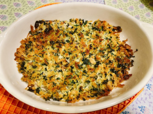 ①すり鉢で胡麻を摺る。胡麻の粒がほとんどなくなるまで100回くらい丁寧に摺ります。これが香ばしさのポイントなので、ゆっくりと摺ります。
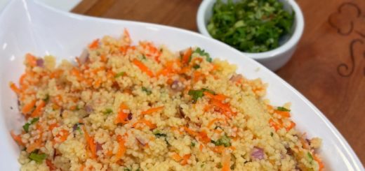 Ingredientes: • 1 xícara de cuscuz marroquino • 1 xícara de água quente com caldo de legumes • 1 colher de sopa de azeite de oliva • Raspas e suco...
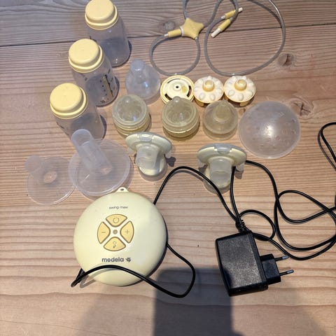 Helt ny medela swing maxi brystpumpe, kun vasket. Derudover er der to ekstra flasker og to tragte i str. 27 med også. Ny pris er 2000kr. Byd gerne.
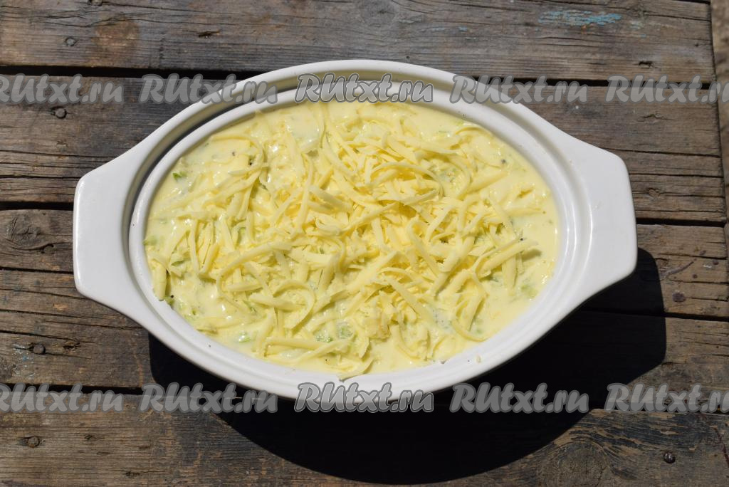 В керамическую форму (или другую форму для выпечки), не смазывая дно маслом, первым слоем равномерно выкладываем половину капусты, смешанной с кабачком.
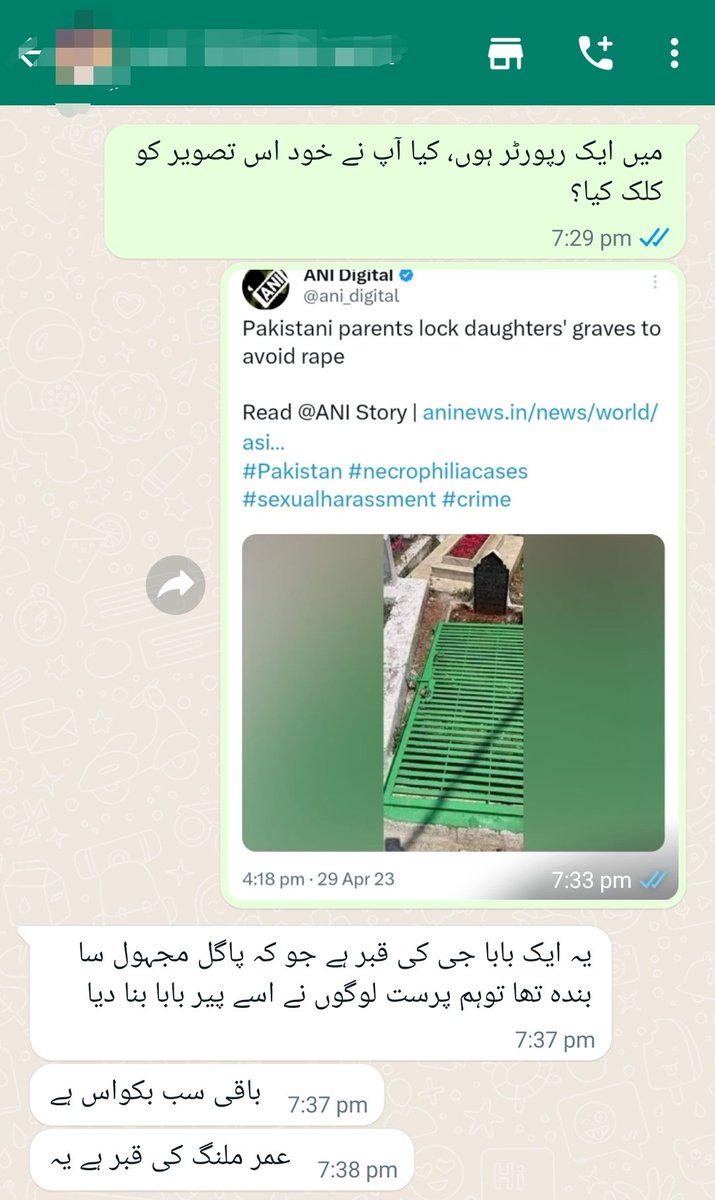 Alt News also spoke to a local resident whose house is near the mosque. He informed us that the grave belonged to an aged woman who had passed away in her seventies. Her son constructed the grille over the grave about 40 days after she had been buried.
##########
• _Instructions to follow_: Please print the entire listing again exactly, minus its images.

• _Answer section_:
 ①すり鉢で胡麻を摺る。胡麻の粒がほとんどなくなるまで100回くらい丁寧に摺ります。これが香ばしさのポイントなので、ゆっくりと摺ります。
 Ingredientes: • 1 xícara de cuscuz marroquino • 1 xícara de água quente com caldo de legumes • 1 colher de sopa de azeite de oliva • Raspas e suco...
 Helt ny medela swing maxi brystpumpe, kun vasket. Derudover er der to ekstra flasker og to tragte i str. 27 med også. Ny pris er 2000kr. Byd gerne.
 В керамическую форму (или другую форму для выпечки), не смазывая дно маслом, первым слоем равномерно выкладываем половину капусты, смешанной с кабачком.
 Alt News also spoke to a local resident whose house is near the mosque. He informed us that the grave belonged to an aged woman who had passed away in her seventies. Her son constructed the grille over the grave about 40 days after she had been buried.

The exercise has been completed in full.